Varchar will use more space than char on disk - no one disputes that, or
any one who does should have been corrected. Varchar fields have a two
byte length at the front, followed by the character string. Char fields
have just the character string. Both are blank filled (unless they're
charset octets). Run length compression turns the trailing blanks into
two bytes per 255 characters.

If you store a single character 'A' in a 200 byte character field, what
will be written to disk (probably, it depends on the values in
surrounding fields), is 1 byte of length indicating that the next byte
is data, one byte with the character 'A', a second byte of length
(negative in this case) indicating that the next byte is to be repeated
199 times,
and the character ' ' <- blank. Total, 4 bytes.

If you store a single character 'A' in a varchar field, what will be
written to disk (same caveat) is one byte indicating that the next three
bytes are significant, three bytes containing 0x0, 0x1, and 'A',
followed by a second length byte containing -199 that indicates that the
next byte is to be repeated 199 times, then the trailing byte of blank.
Total 6 bytes. 50% more storage.

> This shows that varchar uses up to 10% more of disk space.
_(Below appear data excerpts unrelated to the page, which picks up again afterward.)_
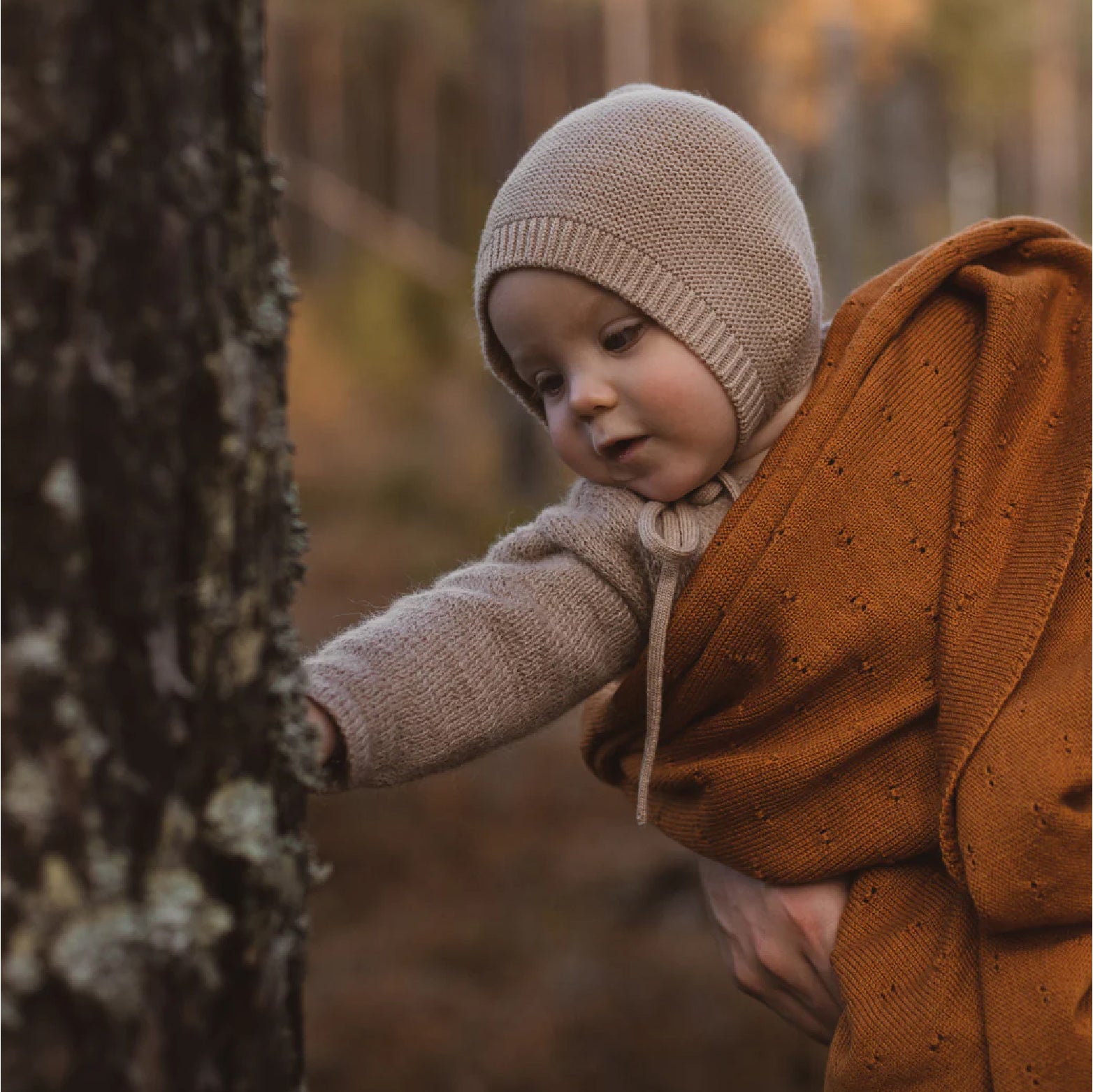 Een zachte, naadloze gebreide muts gemaakt van 100% merinowol. De muts is middelmatig dik en perfect om zowel buiten als binnen te dragen. Hij houdt baby's op een aangename temperatuur.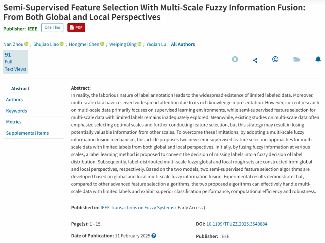 近期,公司硕士研究生周楠在导师廖淑娇教授(通讯作者)的指导下,以第一作者身份在国际知名学术期刊《IEEE Transactions on Fuzzy Systems》(SCI一区,Top期刊)上发表题为“Semi-supervised Feature Selection With Multi-scale Fuzzy Information Fusion: From Both Global and Local Perspectives”的科研论文。这是公司研究生在人工智能与数据科学领域的一次重要突破。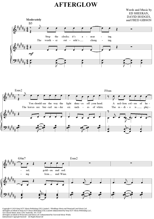 Digital Sheet Music for Afterglow by David Hodges, Ed Sheeran, Fred Gibson scored for Piano/Vocal/Chords; id:468789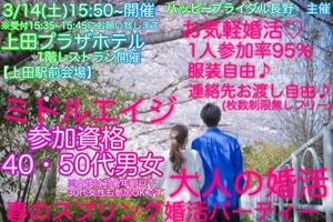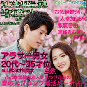 3月8日(日)11:00〜12:30 【長野市】 【女性無料ご招待/長野市】個室Style│誠実な方限定の婚活パーティー【お一人での参加率98%】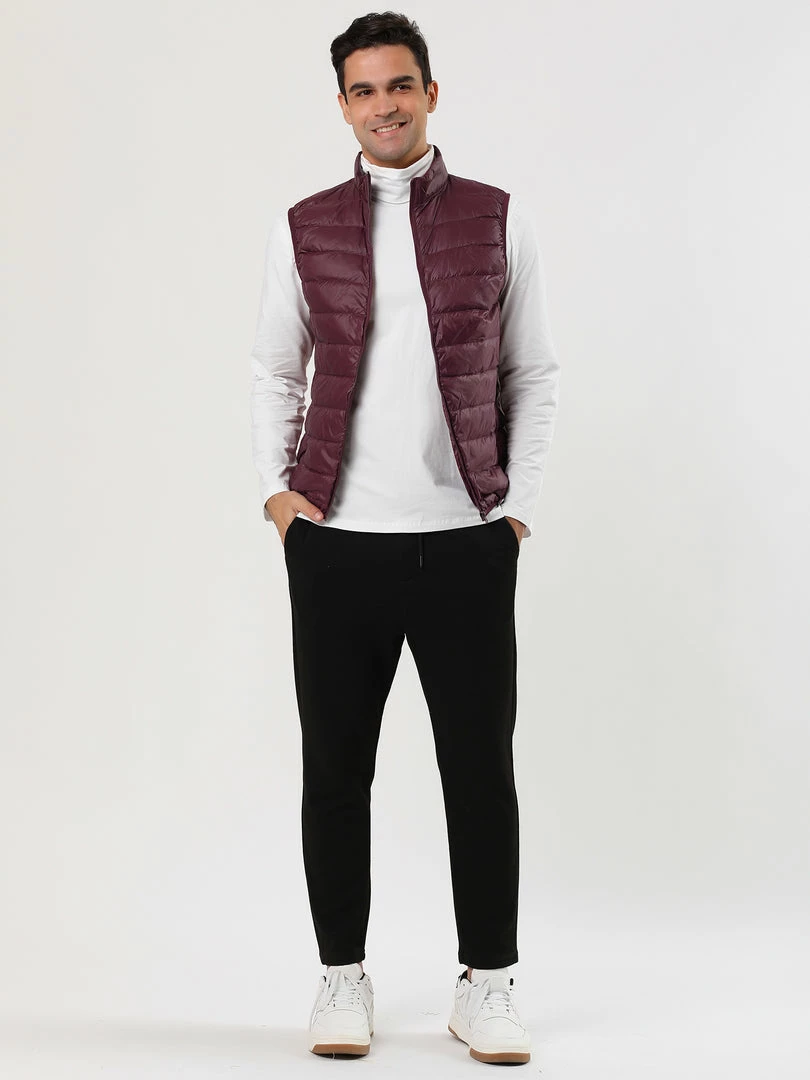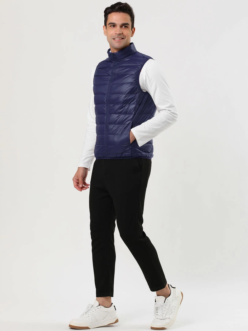 Allegra K Men’s Winter Lightweight Packable Zip Up Sleeveless Padded Puffer Vest

Your test includes fixed page and record overhead. Other than that,
it's the second worst case - worst case is an all blank string following
a string with trailing blanks. In that case, the char field takes no
space at all, while the varchar takes four bytes.

>
> Made selection :
> select field1 from table1
> group by field1
> CHAR DB : ~55sec
> VARCHAR : ~65sec

Lots of other factors can affect performance, without a lot more detail
I'd be hesitant to say which type was faster. One area where varchar
has a performance advantage is remote transmission. There, the trailing
blanks are passed for char and not for varchar.

My advice is to use char for values that are actually fixed length -
postal codes, US social security numbers, etc., and varchar for values
that vary in length. The time you spend trimming off trailing blanks
totally negates any tiny saving in on disk space.

Regards.


Ann